Monday, April 14, 2008

Two Vey Brief Notes

(I.) Is this right--the Roman Catholic Church should be taken to teach that slavery is not unjust according to, and is consistent with, the natural law? That seems to be the gist of "Development or Reversal?” by Avery Cardinal Dulles, S.J. in First Things' October '05 issue.



(II.) Given that this blog has been rather critical of +Radner's recent efforts to help formulate an Anglican covenant here and here (and see this on Seitz), it may be of interest to see how +Radner replies to my criticism, here.

2 Comments:

At 4:56 PM, Blogger Tobias Stanislas Haller BSG said...

On point one, Yes; and that has always been one of my criticisms of "Natural Law" -- not in theory, but in practice, in which it often functions more as cultural law. The tradition, though it did bear some good fruit, also led to doctrines of justifiable enslavement, just war theory, stern opposition to birth control even for health reasons, etc.

 
At 10:32 PM, Blogger The Anglican Scotist said...

Yeah, natural Law theory as a wax nose, always too ready to serve any agenda.
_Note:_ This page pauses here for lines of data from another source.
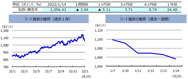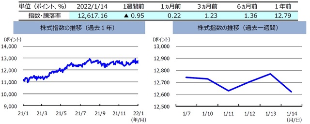 (注)左グラフは2021年1月14日~2022年1月14日、右グラフは2022年1月7日~2022年1月14日。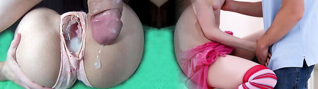 Filling Pussy With Cum Through Ripped Underpants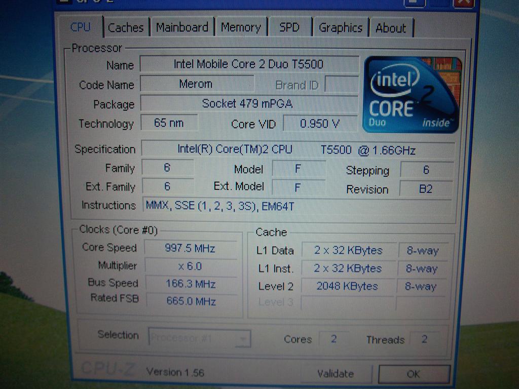 Intel Core 2 Duo processor T5500 (1.66GHz, 2MB L2, FSB 667GHz)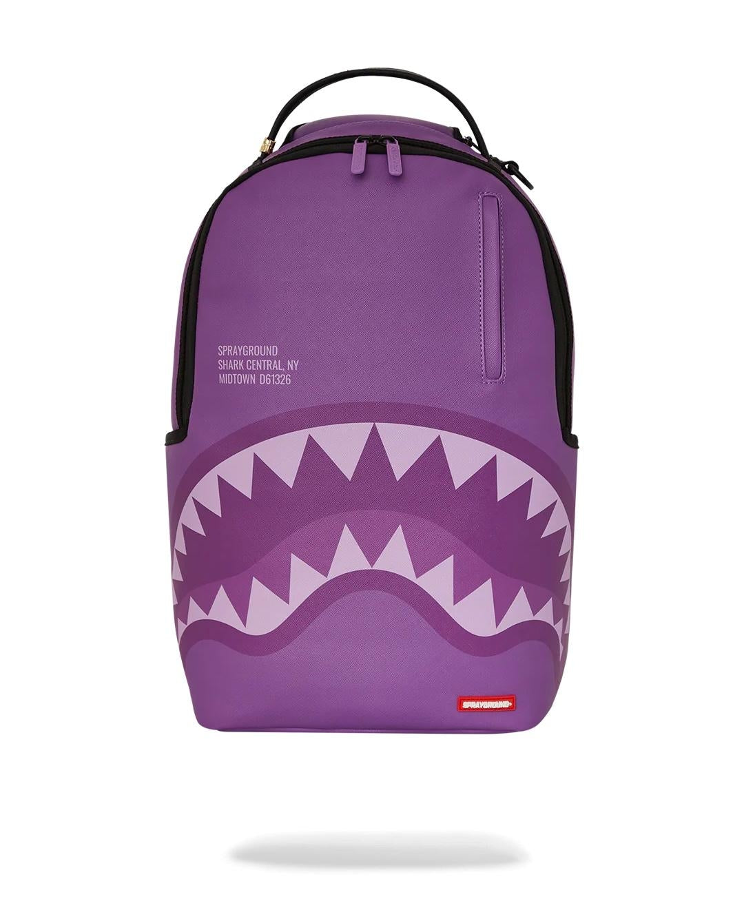 Zaino Sprayground viola, rappresenta la grafica " Purple shark central dlxsv backpack". Realizzato in eco-pelle resistente e durevole presenta tasca frontale con zip logata, tasche laterali e tasca superiore separata portaocchiali in velour con cerniera logata. Sul retro scomparto con imbottitura ergonomica in rete, tasca nascosta con zip,  cinghie regolabili per ogni tipo di taglia e manicotto posteriore per collegare il bagaglio a mano. Manico superiore con placca "Sprayground Authentic" in metallo.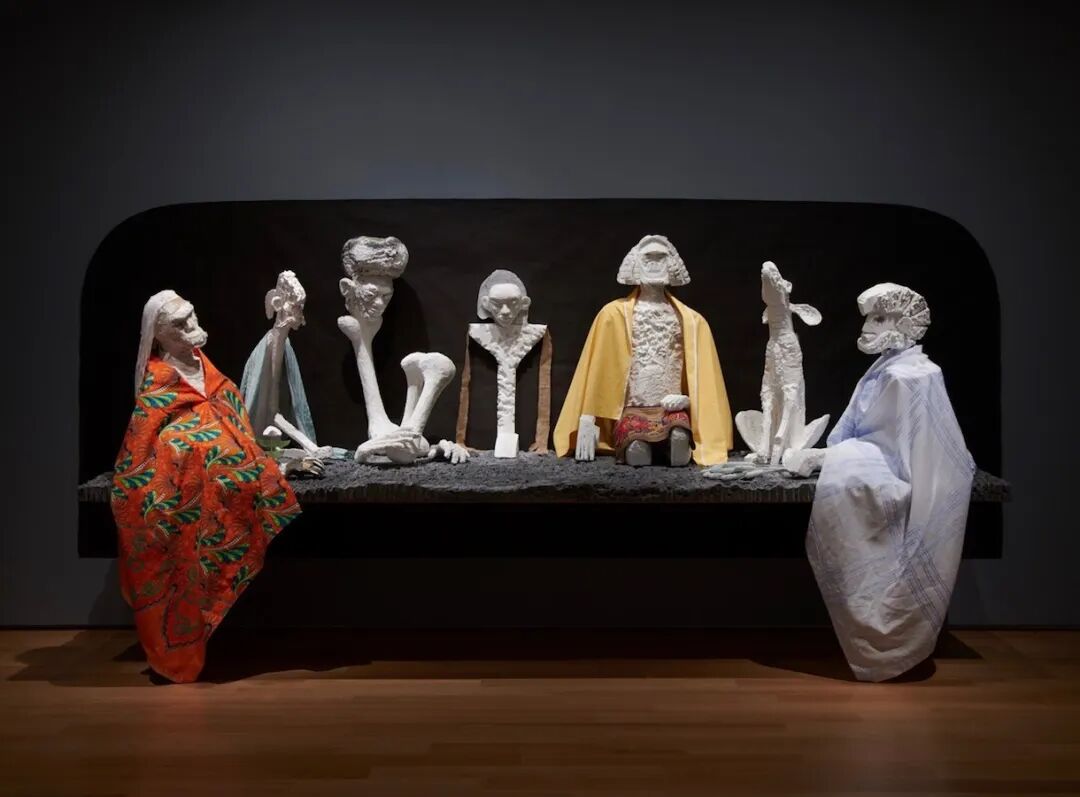 有猫的女孩,2019,泡沫塑料、黄麻、钢、丙烯颜料,107 × 81 × 70 cm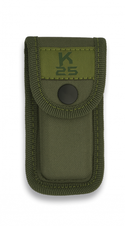 • K25 Knife Pouch, Belt / Molle Green 120mm - rugged case made of green ballistic nylon, compatible with MOLLE systems and waist belts. For Handles up to 100mm. Convenient, safe and durable field solution.

It seems the general form of a natural law argument might go:

(1) X is a basic good.
(2) Y precludes the enjoyment of X.
(3) Therefore, Y is forbidden.

(2) looks empirical--the question might be: What controls keep (1) from reiterating mere convention or nomos?

One person might take X to be "sexual reproduction in marriage" or something like that, and another might take X to be "sexual intimacy in an exclusive, committed relationship," and these could easily lead to contradictory results.

Any version of the theory without a narrow gate of some sort sufficient to strain out mere nomos is a non-starter, DOA.